═══ Provided material ═══

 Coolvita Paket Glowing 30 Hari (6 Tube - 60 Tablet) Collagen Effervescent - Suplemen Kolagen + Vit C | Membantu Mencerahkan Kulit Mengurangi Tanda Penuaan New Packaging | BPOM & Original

═══
═══ Provided material ═══

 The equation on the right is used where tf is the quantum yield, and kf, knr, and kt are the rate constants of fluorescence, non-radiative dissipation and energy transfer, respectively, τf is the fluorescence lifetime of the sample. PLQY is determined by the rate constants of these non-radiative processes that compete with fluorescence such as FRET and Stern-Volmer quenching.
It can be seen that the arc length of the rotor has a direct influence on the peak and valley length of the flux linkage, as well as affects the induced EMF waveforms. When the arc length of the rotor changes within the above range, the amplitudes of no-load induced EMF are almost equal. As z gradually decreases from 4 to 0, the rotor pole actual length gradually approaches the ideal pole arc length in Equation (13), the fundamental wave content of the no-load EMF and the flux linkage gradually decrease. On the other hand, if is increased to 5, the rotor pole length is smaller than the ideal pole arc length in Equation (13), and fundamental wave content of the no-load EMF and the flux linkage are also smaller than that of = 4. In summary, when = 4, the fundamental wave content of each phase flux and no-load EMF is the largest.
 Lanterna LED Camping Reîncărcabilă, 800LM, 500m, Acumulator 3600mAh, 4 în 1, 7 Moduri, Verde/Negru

═══

Aim of the exercise - Starting at the line with "It can be seen" and ending at the line with "Lanterna LED Camping", print each line of the listing above exactly, with no other lines.

Solution to the problem -
It can be seen that the arc length of the rotor has a direct influence on the peak and valley length of the flux linkage, as well as affects the induced EMF waveforms. When the arc length of the rotor changes within the above range, the amplitudes of no-load induced EMF are almost equal. As z gradually decreases from 4 to 0, the rotor pole actual length gradually approaches the ideal pole arc length in Equation (13), the fundamental wave content of the no-load EMF and the flux linkage gradually decrease. On the other hand, if is increased to 5, the rotor pole length is smaller than the ideal pole arc length in Equation (13), and fundamental wave content of the no-load EMF and the flux linkage are also smaller than that of = 4. In summary, when = 4, the fundamental wave content of each phase flux and no-load EMF is the largest.
 Lanterna LED Camping Reîncărcabilă, 800LM, 500m, Acumulator 3600mAh, 4 în 1, 7 Moduri, Verde/Negru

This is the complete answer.